S’engager pour du mieux
Stéphane Sarrazin n’est plus maire depuis son élection au provincial, mais se dit encore très impliqué avec les ex-homologues des communes d’Alfred et Plantagenet. « Vous savez, j’ai été président des Comtés unis de Prescott et Russell et leurs huit municipalités. On avait huit responsables à la table. Ce sont mes collègues maires qui m’ont incité à avoir une voix à la province. »
Selon le député en herbe, sa voix auprès de la province sera celle des localités. Il dit vouloir être le pont entre les deux. « Je suis élu par ces gens et je suis là pour les servir. »
« Investir dans les gens, c’est le plus bel investissement qu’on peut avoir » – Stéphane Sarrazin
L’élu de l’Est est un inconditionnel de l’engagement, une valeur qu’il partage avec son entourage. Sa carrière bien remplie l’a amené à être aujourd’hui adjoint au ministre de l’Énergie en Ontario.
« J’ai siégé deux ans au bureau de la conservation de la Nation Sud, sur le bureau de santé de l’Est ontarien, deux ans sur le tourisme Prescott-Russell ou encore au réseau agroalimentaire de l’Est ontarien. »
Ses états de services ne sont pour lui que l’expression de sa passion. « Mes quatre ans au municipal, j’ai adoré et ça me passionne encore », déclare-t-il.
« Ce que j’aime aussi, c’est la connexion avec les autres politiciens, parler des différents défis, partager des idées. »
L’époque où les gens votaient pour des politicards est terminée selon lui. « Les gens votent pour des personnes qui leur ressemblent.
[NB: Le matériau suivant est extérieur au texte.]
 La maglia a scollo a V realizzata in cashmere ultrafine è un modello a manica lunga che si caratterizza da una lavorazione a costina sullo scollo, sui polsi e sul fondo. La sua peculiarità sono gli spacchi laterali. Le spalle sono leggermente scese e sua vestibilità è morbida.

Je suis monsieur tout le monde, je n’ai pas de doctorat ni de bac universitaire », reconnaît-il. « J’ai été chanceux dans ma vie, j’ai eu de bons mentors. »
Investir dans son prochain
« Je me lève à 5h30 du matin et je saute sur mon ordinateur. Si ma conjointe ne m’appelle pas, je peux rester là, jusqu’à 22h. Aider les gens, ça me passionne vraiment et j’aime trouver des solutions. »
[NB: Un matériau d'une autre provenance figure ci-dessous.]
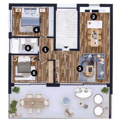 - · 3 Zimmer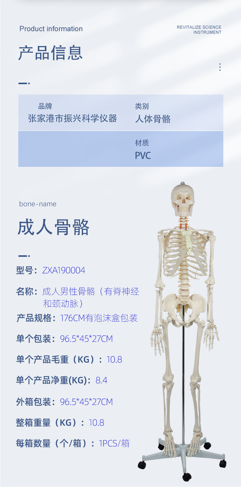 男性骨骼附脊神经和颈动脉全身人体骨骼模型骨骼教学器材仅供出口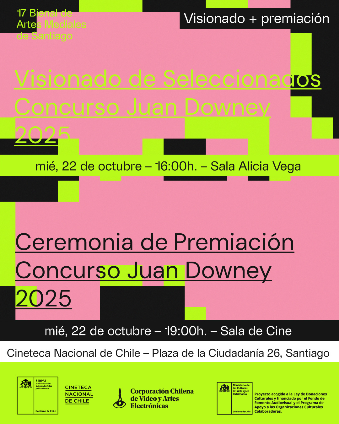 El miércoles 22 de octubre a las 16:00 horas en Sala Alicia Vega de la Cineteca Nacional (Pl. de la Ciudadanía 26, Santiago), se realizará el Visionado de la Selección "Concurso Juan Downey 2025" y a las 19:00 horas la posterior premiación en Cineteca. El certamen rinde homenaje al pionero del videoarte Juan Downey y celebra nuevas […]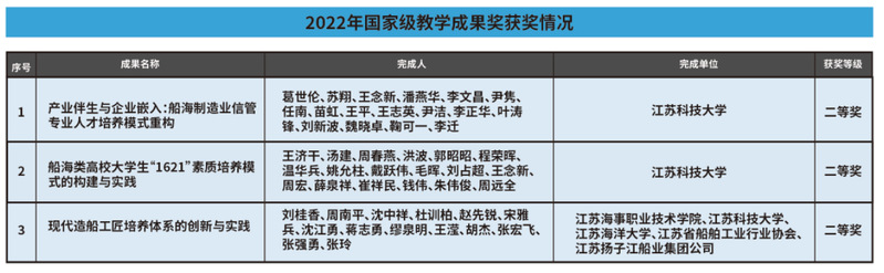7月24日,教育部公布《2022年国家级教学成果奖获奖项目名单》。MILAN.COM米兰(中国)《产业伴生与企业嵌入:船海制造业信管专业人才培养模式重构》《船海类高校大学生“1621”素质培养模式的构建与实践》等2项成果获高等教育(本科)国家级教学成果奖二等奖,学校作为第二完成单位参与的成果《现代造船工匠培养体系的创新与实践》获职业教育国家级教学成果奖二等奖。实现学校国家级教学成果奖历史性突破,激励广大教师投身教学研究与实践,进一步深化教育教学综合改革。
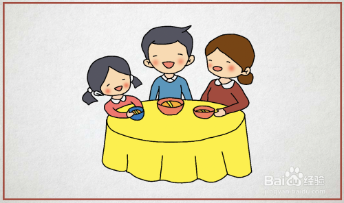 最后就是涂上好看的颜色,画一个装饰框,这样一家人吃团圆饭就画好了;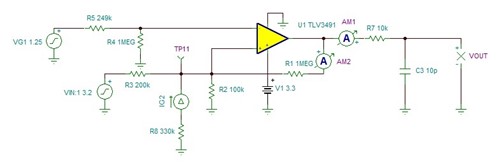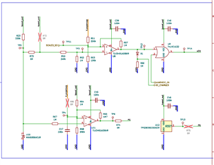 如果在仿真文件中将330k Ω 电阻置于 TP11位置 、如下所示、TP11的分压将从1.0V 更改为~1.24V、因为330k Ω 电阻接近电阻分压器中的电阻值、并且电阻网络还将具有由输入偏置电流和您使用的较大电阻值产生的额外误差。 请注意、我在仿真中使用了典型的参数值、因此变化的电压与您在电路中观察到的电压略有不同。 如果不符合预期、则需要在 SCALED_SC 和 ADC 输入(A3_P)之间使用一个缓冲器。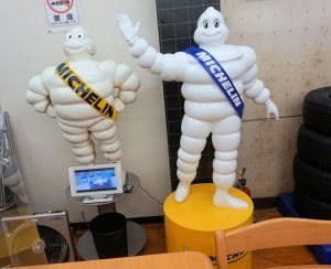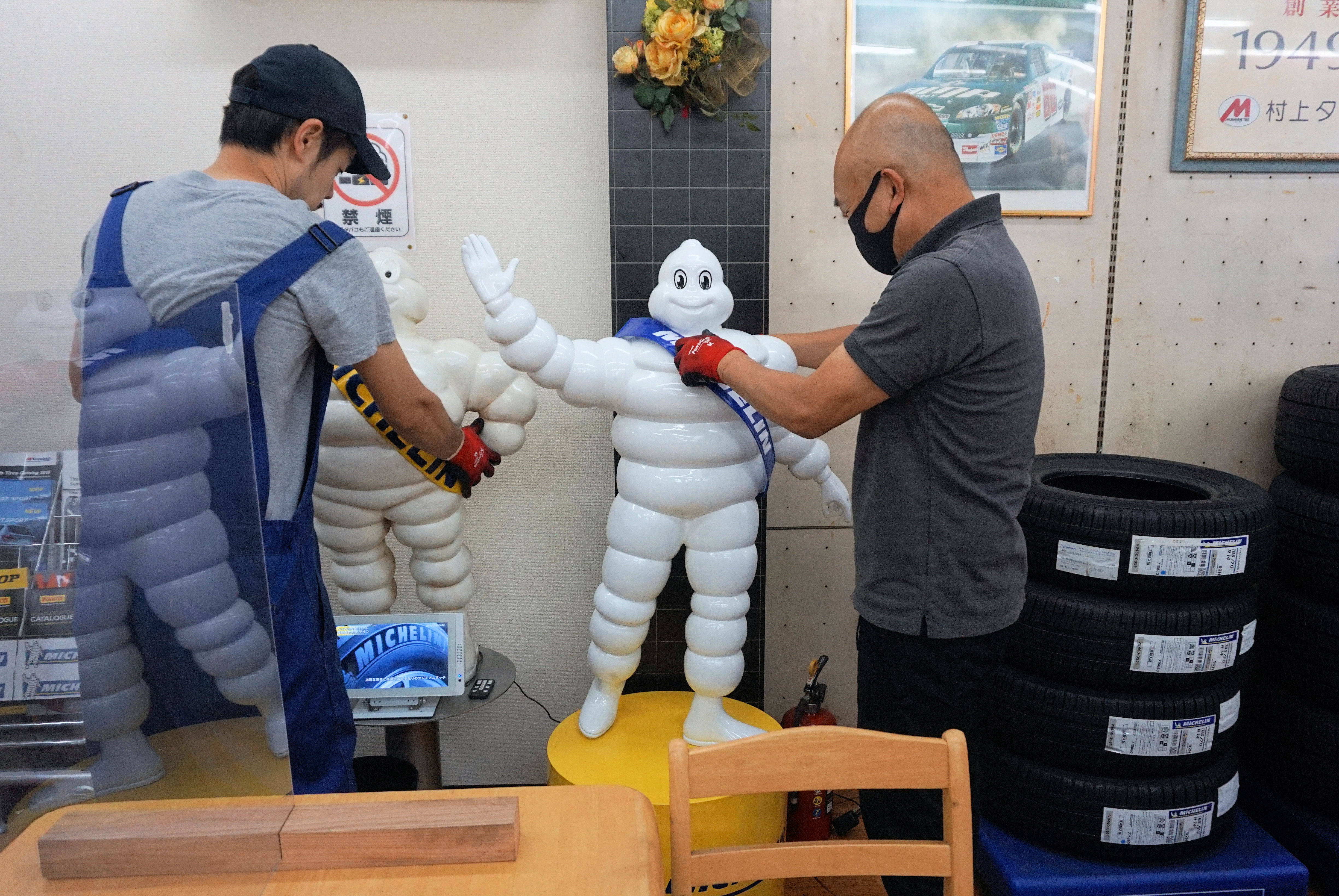 さっそく組み立てて、店内に展示。新旧比べると、最近のミシュランマンがいかにスリムになっているか分かります。従来の太めのも、愛嬌があっていいとは思います😃。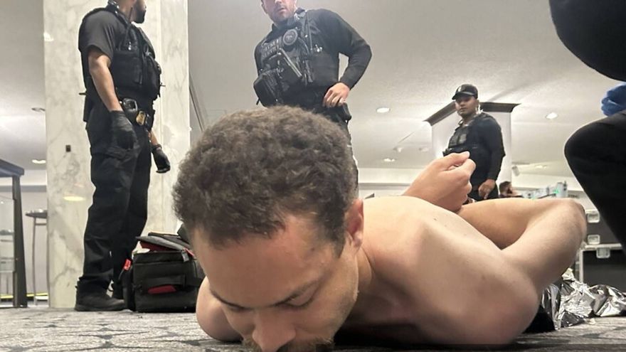 Las imágenes de las cámaras de seguridad difundidas por Trump en Truth Social muestran a una persona que se precipita a través del arco de detección de metales situado a la entrada del salón donde se celebraba la gala, y a varios miembros de las fuerzas del orden desenfundando sus armas.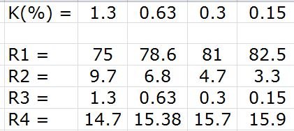 Бери мои расчёты R1-4, дели ровно на два (согласно Витиной статье) и будет тебе счастье  ;)

« Investir dans les gens, c’est le plus bel investissement qu’on peut avoir », clame-t-il.
Il ajoute : « Les ressources, ça ne va pas sans une communauté soudée et en santé. Je suis très proche des gens. J’ai vraiment fait ce parcours malgré moi. »
Aujourd’hui, la relation que Stéphane Sarrazin entretient avec ses anciens confrères est d’une grande nécessité. Au-delà de se tenir informé auprès des maires du canton, le député évoque « une relation de famille ».
« Chaque matin, j’écoute la radio communautaire. Ma peur en passant la moitié du temps à Toronto, c’était de ne pas savoir ce qui ce passe chez nous. »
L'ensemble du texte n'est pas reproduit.